- Film poster
- Directed by: Rebecca Daly
- Written by: Rebecca Daly; Glenn Montgomery;
- Produced by: Conor Barry; Macdara Kelleher;
- Starring: Rachel Griffiths; Barry Keoghan; Michael McElhatton; Nika McGuigan; Johnny Ward;
- Cinematography: Lennart Verstegen
- Edited by: Halina Daugird
- Music by: Rutger Reinders
- Production companies: Fastnet Films; Calach Films; Les Films Fauves; Rinkel Film;
- Release date: 24 January 2016 (Sundance);
- Running time: 100 minutes
- Countries: Ireland Luxembourg Netherlands
- Language: English

= Mammal (film) =

2016 film

Mammal is a 2016 Irish-Luxembourgish-Dutch drama film directed by Rebecca Daly, who co-wrote the screenplay with Glenn Montgomery.
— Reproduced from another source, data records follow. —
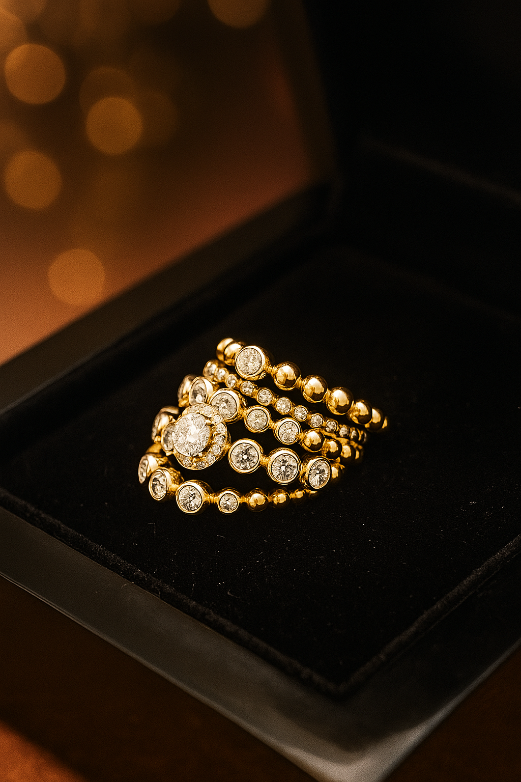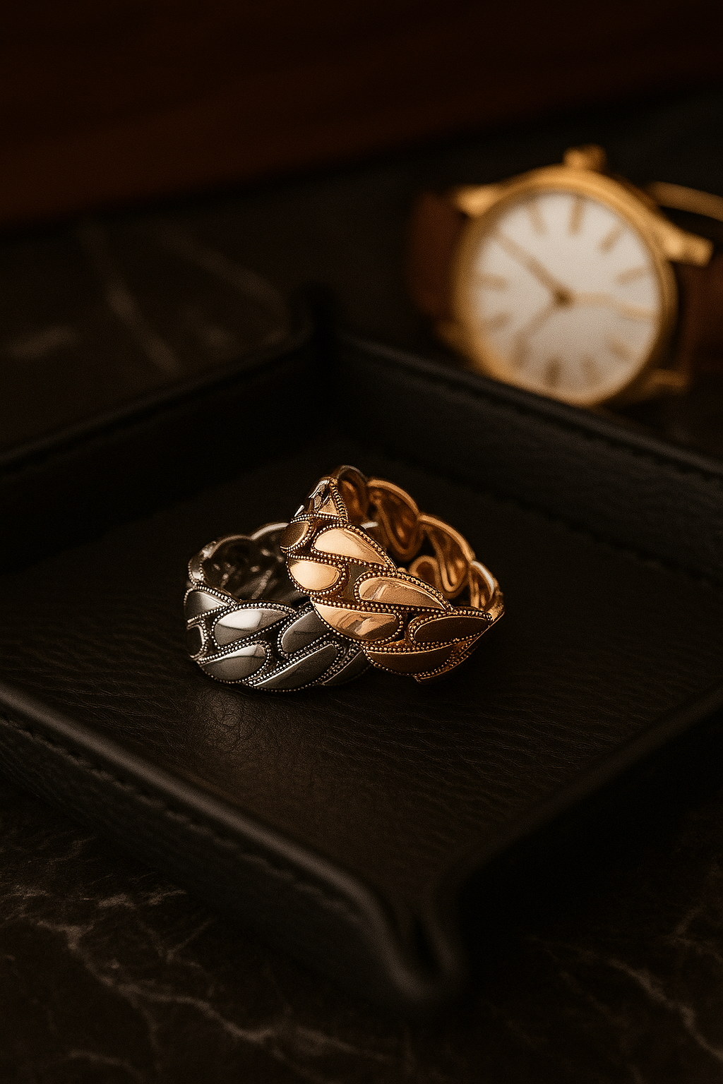 - اگر انگشتها بلند و کشیده هستند → حلقههای پهنتر و طراحیهای جسورانه جذاب میشوند.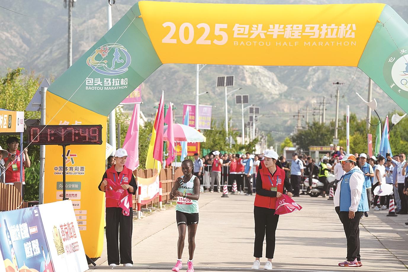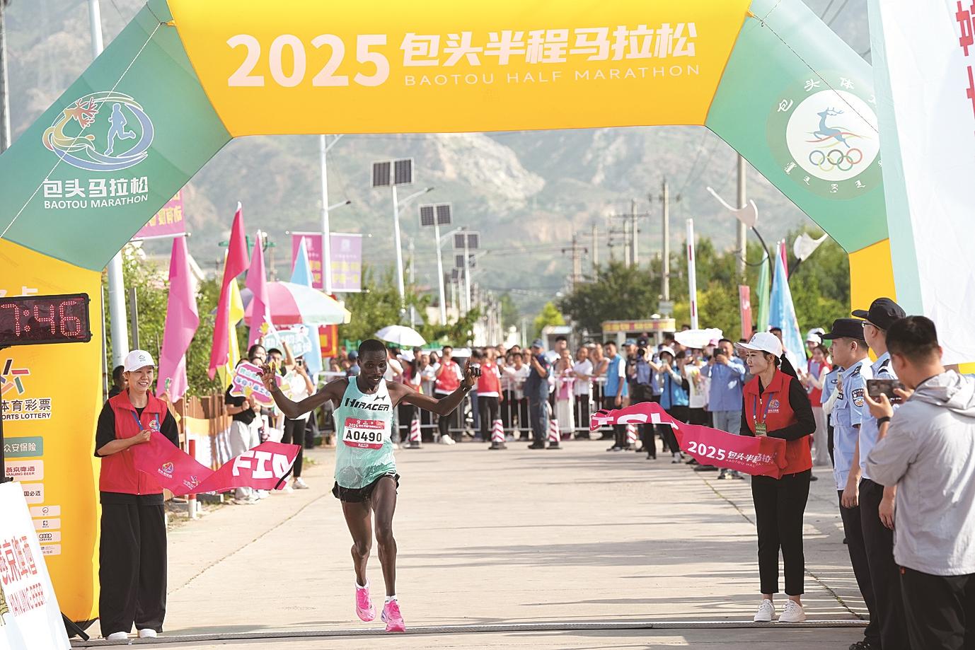 撞线后,男子组冠军来自肯尼亚的选手Vincent kipchumba Toroitich表示:“这是我第一次来包头,今天很开心能取得这个成绩,感觉包头非常好。”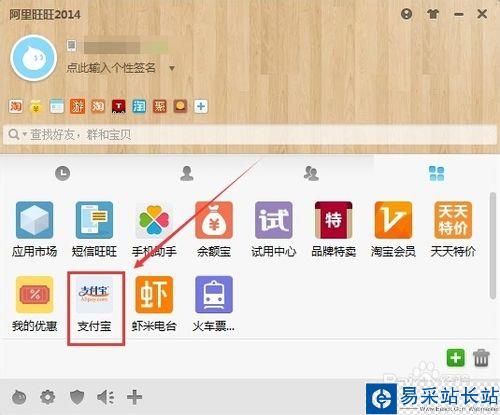 4、在阿里旺旺應用選項卡里找到支付寶,點擊支付寶,如下圖所示。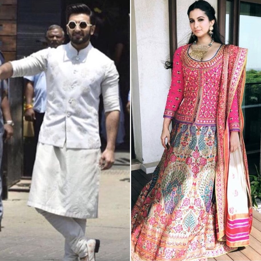 Ranveer Singh looked cool as a cucumber in white kurta an Nehru jacket which he paired with loafers from SVA in the same color. Rhea Kapoor wore a pink lehenga with peacock motifs all over the skirt by Abu Jani Sandeep Khosla.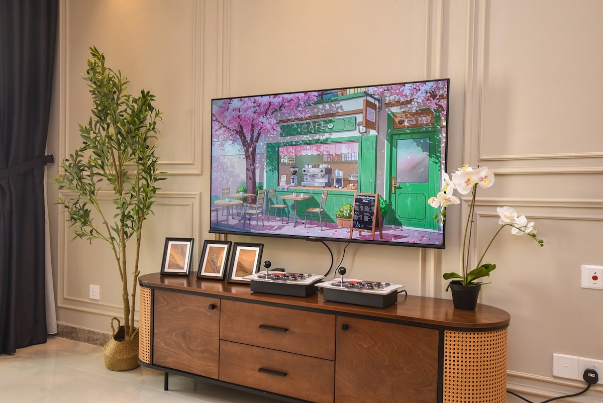 Private Luxury Suite | Walk to KSL Mall • Walking distance to KSL Mall • Cyberpunk-inspired futuristic design • Private Jacuzzi for relaxation • Immersive cinema experience with surround sound • King-size bed with 12-inch premium mattress • Pull-out sofa bed Boldly designed with neon accents and futuristic details, this suite blends comfort with a striking cyberpunk atmosphere. Perfect for couples, small business teams, or small families and memorable stay in the heart of Johor Bahru.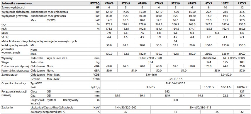 - Szeroki typoszereg jednostek (od 4 do 12 HP) odpowiedni do projektów aż do 200 m² z ograniczoną ilością miejsca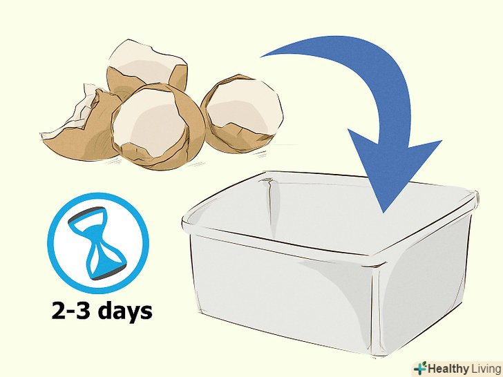 Залиште яєчну шкаралупу в порожньому контейнері на 2-3 дні, щоб вона висохла. перш ніж додавати шкаралупу в грунт, її потрібно як слід просушити. Це дозволить кальцію повністю вбратися в грунт. Насипте яєчну шкаралупу в порожню банку з-під кави або іншу суху ємність. [9]
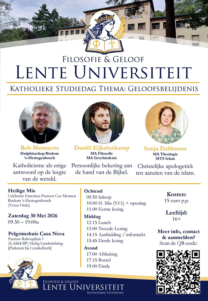 Gedurende de dag is er volop ruimte voor ontmoeting en verdieping, met een verzorgde lunch (inbegrepen), een informatiemarkt, aanbidding met rozenkransgebed en gelegenheid tot biecht, en we sluiten af met een borrel vanaf 17 uur. Over ons Inschrijven Je inschrijving is definitief na betaling. Aanmelden via dit formulier:

Starring Rachel Griffiths and Barry Keoghan, the cast also includes Michael McElhatton, Nika McGuigan, and Johnny Ward in supporting roles. It was shown in the World Cinema Dramatic Competition section at the 2016 Sundance Film Festival.

==Cast==
- Rachel Griffiths as Margaret
- Barry Keoghan as Joe
- Michael McElhatton as Matt
- Nika McGuigan as Ann Marie
- Johnny Ward as Sully
- Joanne Crawford as Jean Cunningham
- Aoife King as Claire
- Rachel O'Byrne as Lucinda

==Reception==
On review aggregator website Rotten Tomatoes, the film holds an approval rating of 75% based on 8 reviews, with an average rating of 6.6/10.